Maybe 1000 Years has actually been around for,er, years, locked in a
vault and left to soak in super-strength acid, while Roger McGuinn and
co’s Younger Than Yesterday was played on constant repeat on the
stereo. It does sound quite like Renaissance Fair (see below).
Who knows? Who cares?

Tune in, turn on, drop out, kids.

The new album by The Coral, which is called The Butterfly House, is
out on July 12. Here’s the great title track:

Sea shanties and storm ballads

Richard-hawley

Those of you who are familiar with velvet-voiced crooner
Richard Hawley will know that the sea is a recurring theme in his
work.

Sheffield’s answer to Roy Orbison even recently hosted a Radio 2 show
called The Ocean, which was named after his song of the same name and
looked at the history of seafaring towns in the UK.

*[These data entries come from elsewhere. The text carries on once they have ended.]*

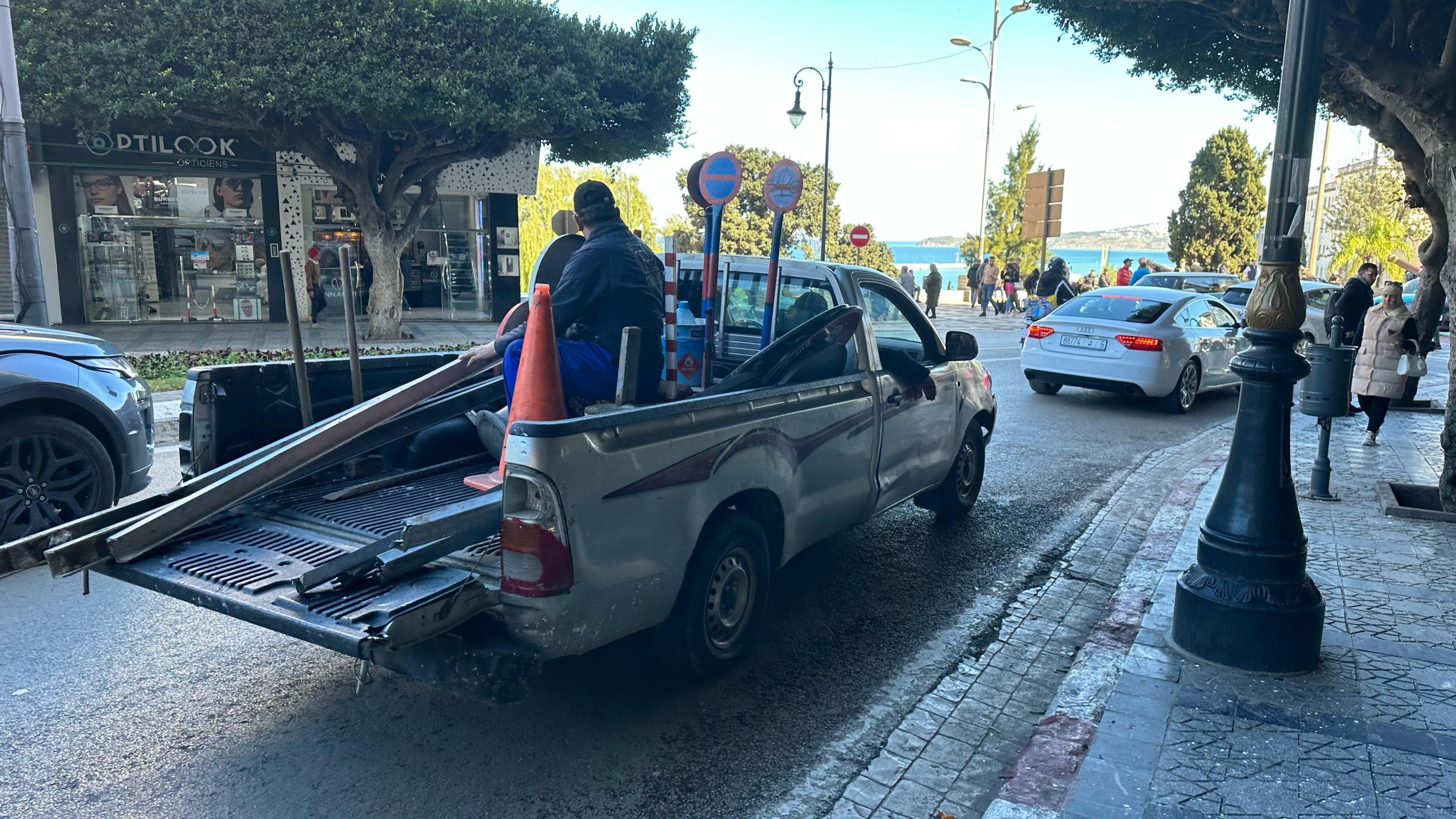 وقد قامت السلطات بحجز عدد من الكراسي والطاولات والواجهات الحديدية الإشهارية، حيث تم نقلها إلى المحجز البلدي.
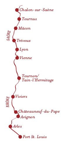 Diese Route erwartet Sie: ab Lyon mit Panoramafahrt durch Lyons Altstadt, Tournus*, Chalon-sur-Saône, Tournus, Mâcon mit Liegezeit über Nacht bis zum nächsten Abend, Trévoux, Viviers, Port St. Louis, Arles mit Liegezeit über Nacht bis zum übernächsten Abend, Avignon mit Liegezeit bis zum nächsten Tag mittags, Châteauneuf-du-Pape, Tournon/Tain-l´Hermitage, Vienne, Lyon mit Liegezeit über Nacht
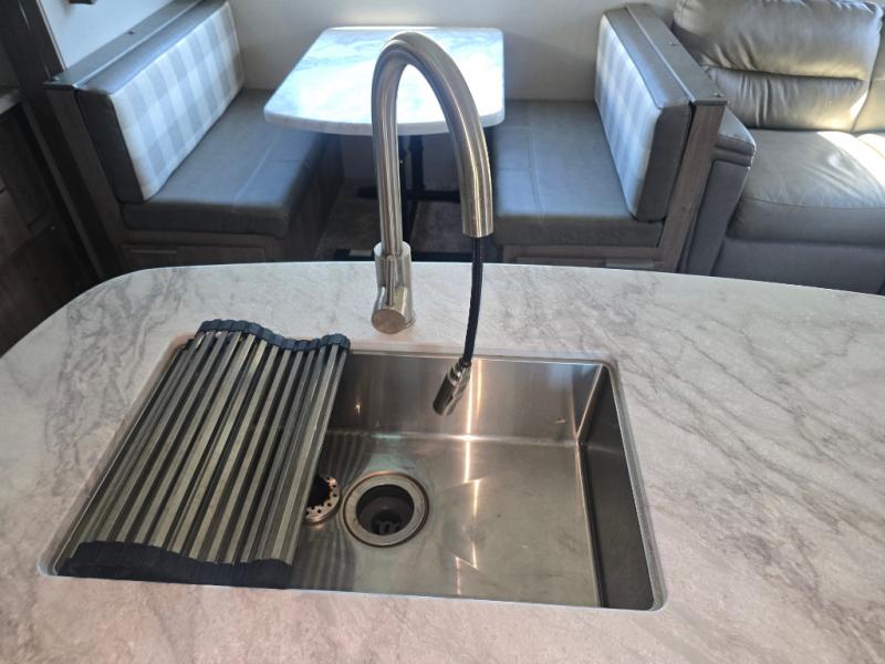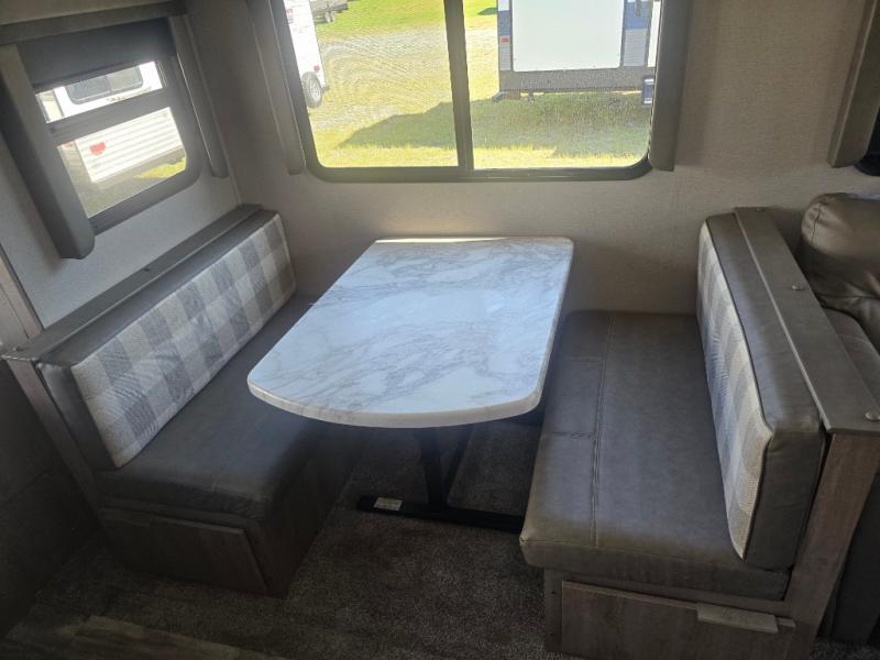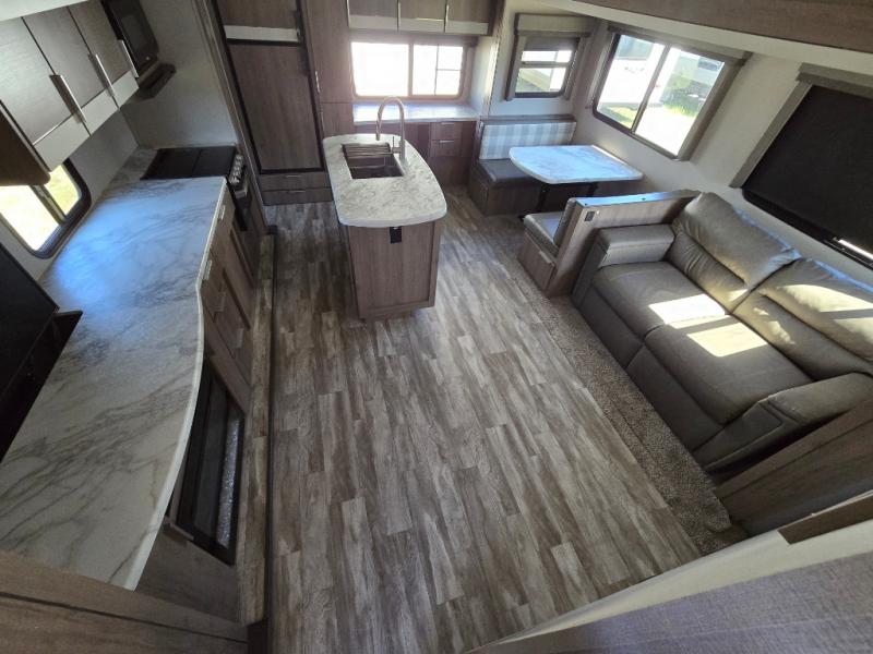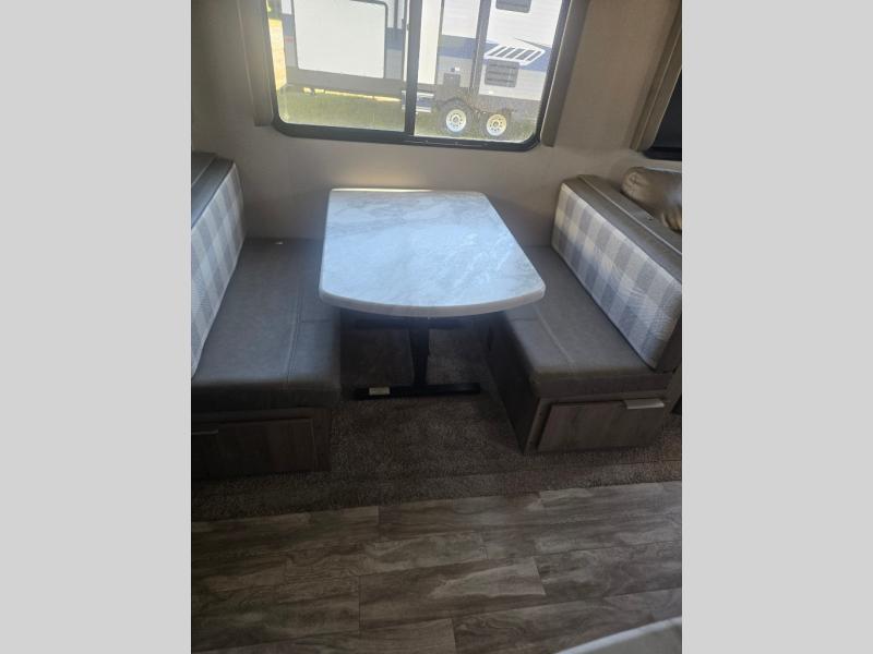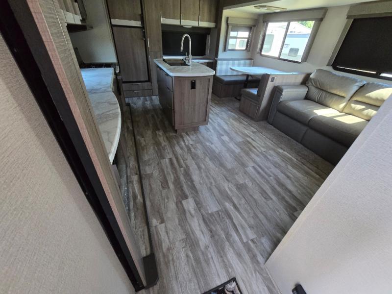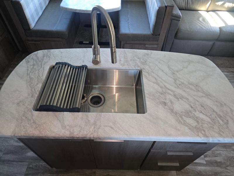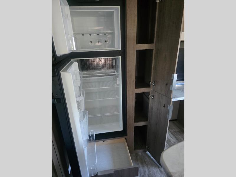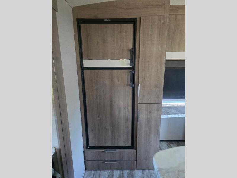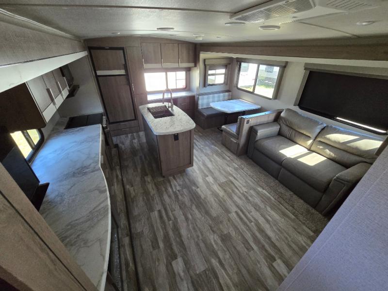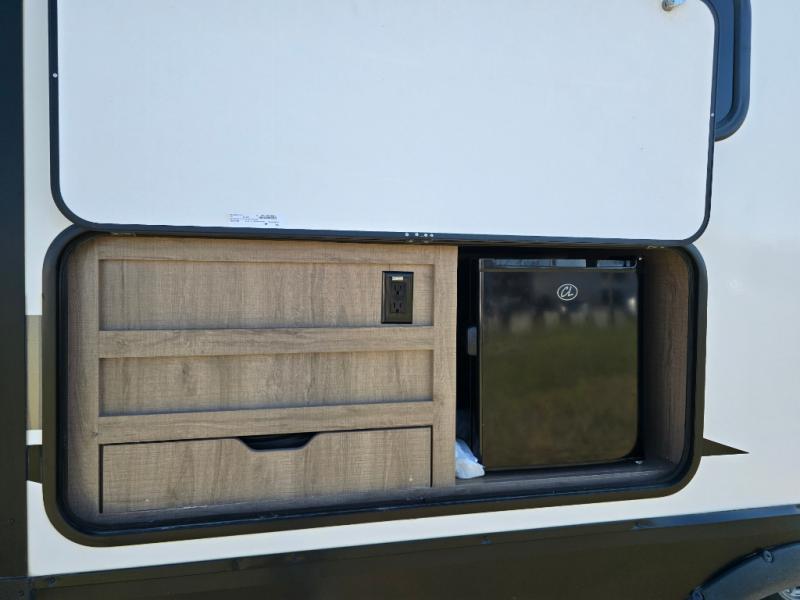 How does a desk with a view sound in your next travel trailer? You can work remotely or check your social media from the desk which is next to the pantry so you can easily grab a snack whenever you like. And your best friend can be eating from the pet dish under the refrigerator. The cook will enjoy having the kitchen island to prepare and serve meals as well as dry dishes next to the sink. They might like to make a few meals on the outside kitchen and store extra drinks in the 1.6 cu. ft. outdoor refrigerator. Everyone else can relax under the 21' power adjustable awning. Inside there are two slides outs in the living and kitchen area offering a spacious place to relax on the tri-fold sofa and booth dinette while watching the telescoping 40" TV with fireplace below before getting cleaned up in the full bathroom. And the master suite with a walk-around queen bed and lots of clothing storage will be calling your name after a fun day exploring outdoors, working, and/or visiting with other RVers.

New from Hawley this month is False Lights From The Land – a limited
edition EP that’s made up of four tracks that are all
inspired by the sea.

Comprising two original Hawley compositions
(Remorse Code and There’s A Storm A Coming) and two cover versions of
sea shanties (The Ellan Vannin Tragedy and Shallow Brown), it’s a
great little record that has drawn me in like, ahem, false lights from
the land.

Remorse Code was featured on Hawley’s last album, the wonderful
Truelove’s Gutter, and at nearly 10 minutes long is a spiralling,
twilight ballad that’s loaded with nautical imagery, but is also about
a friend who has gone off course and sunk to unimaginable depths,
driven by drink and drugs. It’s a beautiful song, laced with gorgeous
twangy guitar and slightly eerie atmospherics.

The other original song could have been lifted from his
Coles Corner album. There’s A Storm A Coming is yet another sublime
Hawley ballad, but lighter than his latest work, it’s a shuffling,
sentimental ’50s-style pop tune that sounds like it’s been around
forever. One for the mums and dads. And for melancholy muso journos in
their late thirties. Lovely.

Both of the remaining two tracks feature female folk duo The Smoke
Fairies (terrible name). Shallow Brown is a traditional acapella
number, but the real gem is The Ellan Vannin Tragedy.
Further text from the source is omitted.